Systematic Review: Quantitative Susceptibility Mapping (QSM) of Brain Iron Profile in Neurodegenerative Diseases

Iron has been increasingly implicated in the pathology of neurodegenerative diseases. In the past decade, development of the new magnetic resonance imaging technique, quantitative susceptibility mapping (QSM), has enabled for the more comprehensive investigation of iron distribution in the brain. The aim of this systematic review was to provide a synthesis of the findings from existing QSM studies in neurodegenerative diseases. We identified 80 records by searching MEDLINE, Embase, Scopus, and PsycInfo databases.

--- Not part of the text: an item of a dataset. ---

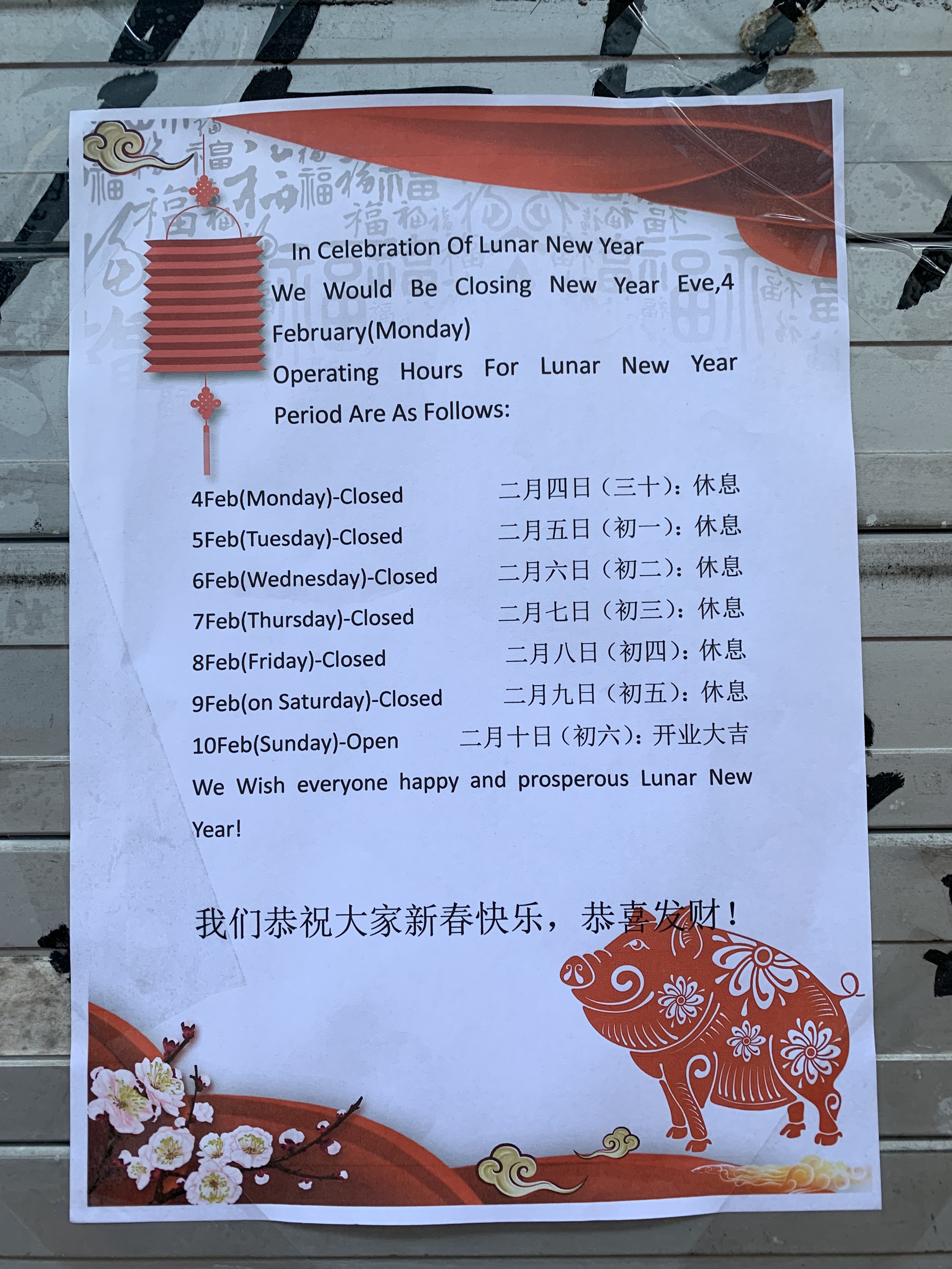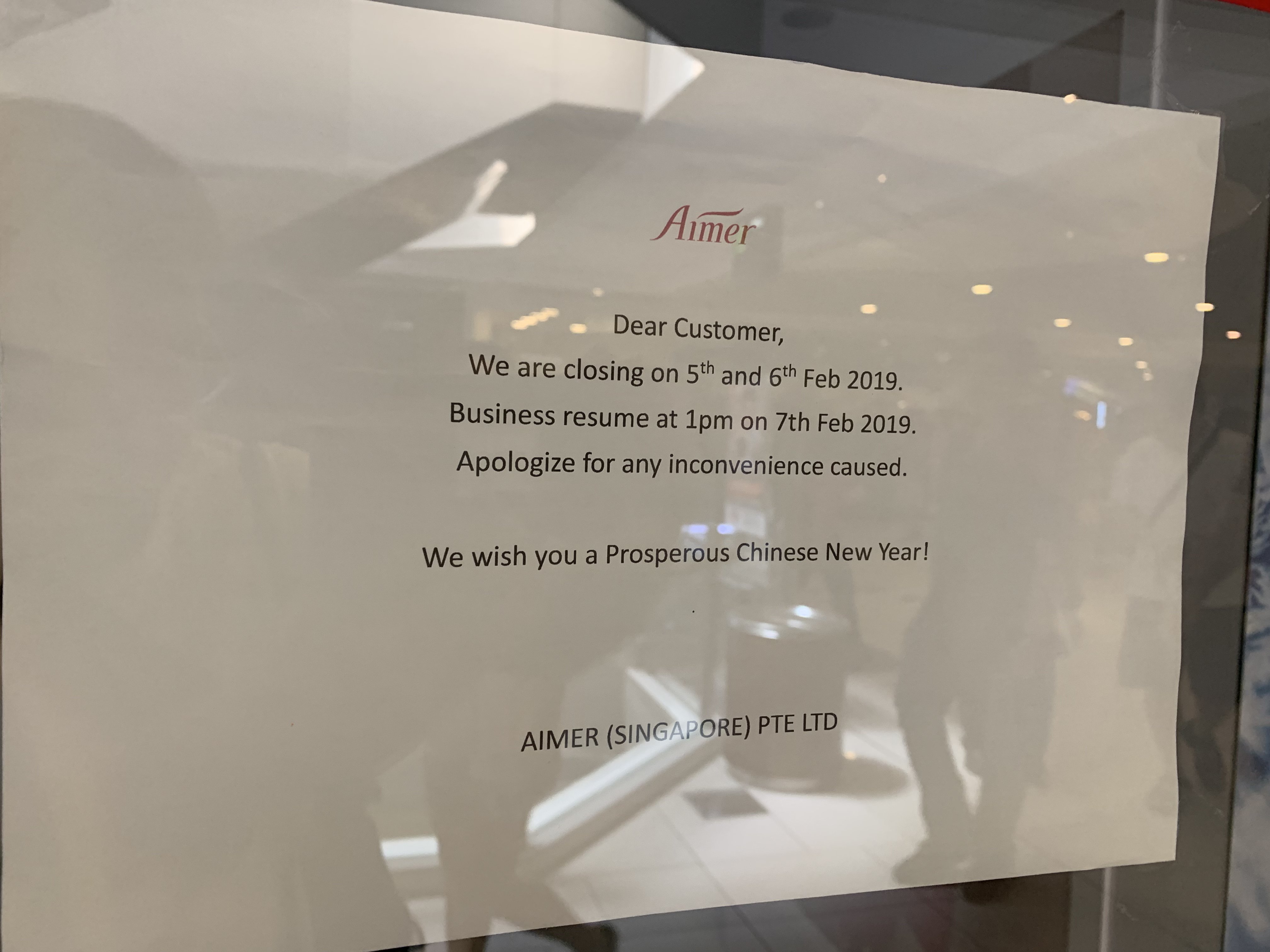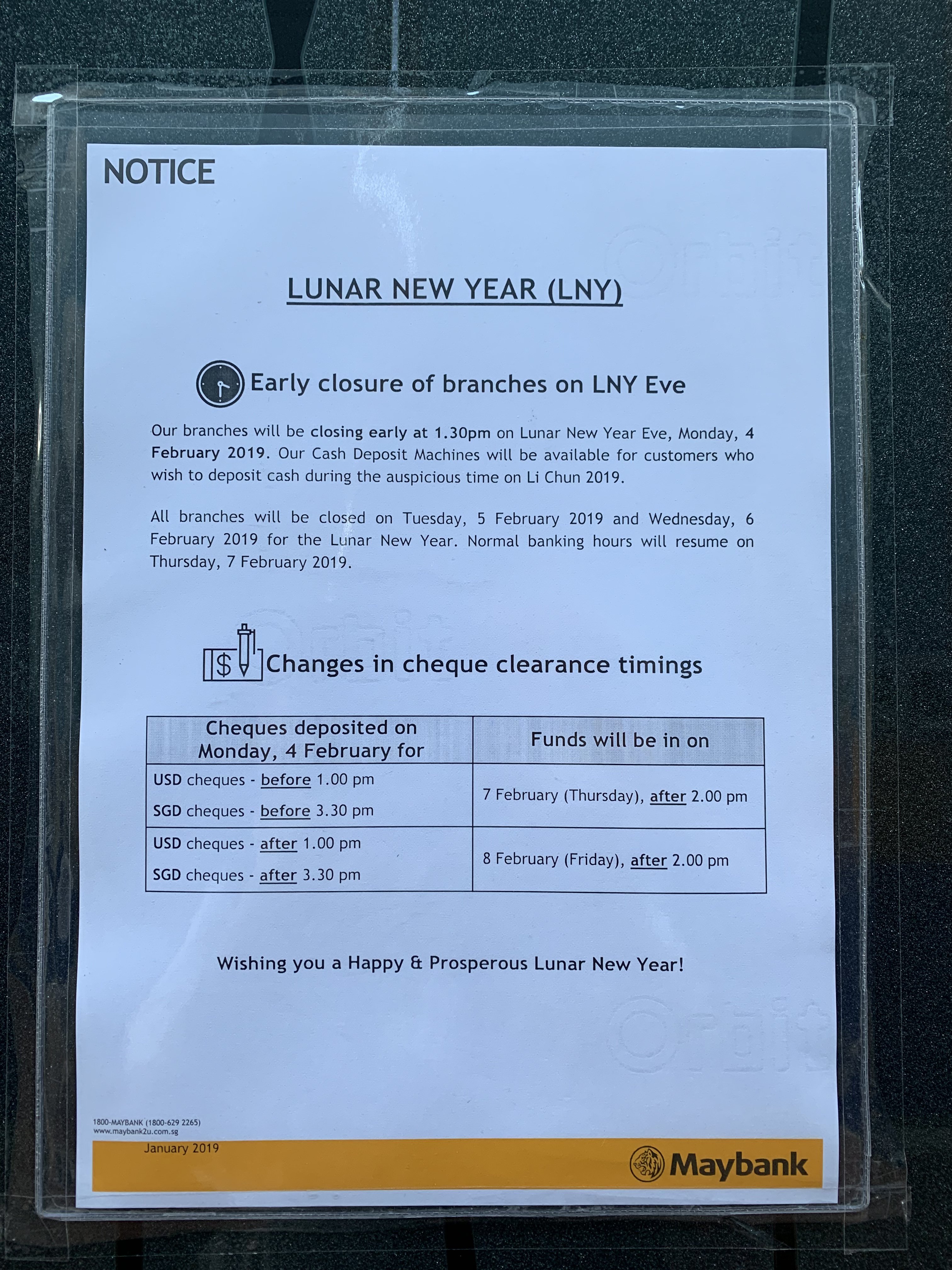 We will be closed at GMT +8 1200Hrs on the eve of Chinese New Year and on 5th Februrary 2019 and process on-line transactions from 6th February 2019.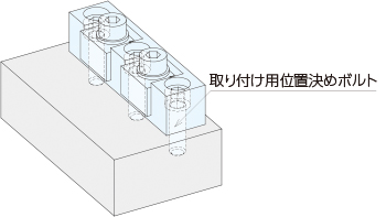 加工穴にマイクロダウンサイドクランプを取り付け用位置決めボルト(付属品、型式:MS50)を用いて取り付けます。

The disorders investigated in these studies included Alzheimer's disease, Parkinson's disease, amyotrophic lateral sclerosis, Wilson's disease, Huntington's disease, Friedreich's ataxia, spinocerebellar ataxia, Fabry disease, myotonic dystrophy, pantothenate-kinase-associated neurodegeneration, and mitochondrial membrane protein-associated neurodegeneration. As a general pattern, QSM revealed increased magnetic susceptibility (suggestive of increased iron content) in the brain regions associated with the pathology of each disorder, such as the amygdala and caudate nucleus in Alzheimer's disease, the substantia nigra in Parkinson's disease, motor cortex in amyotrophic lateral sclerosis, basal ganglia in Huntington's disease, and cerebellar dentate nucleus in Friedreich's ataxia. Furthermore, the increased magnetic susceptibility correlated with disease duration and severity of clinical features in some disorders. Although the number of studies is still limited in most of the neurodegenerative diseases, the existing evidence suggests that QSM can be a promising tool in the investigation of neurodegeneration.

Automated summary

Iron has been increasingly implicated in the pathology of neurodegenerative diseases. The development of QSM technique allows for more comprehensive investigation of iron distribution in the brain. Existing studies have shown increased magnetic susceptibility in brain regions associated with different neurodegenerative disorders, indicating potential for QSM as a promising tool in investigating neurodegeneration.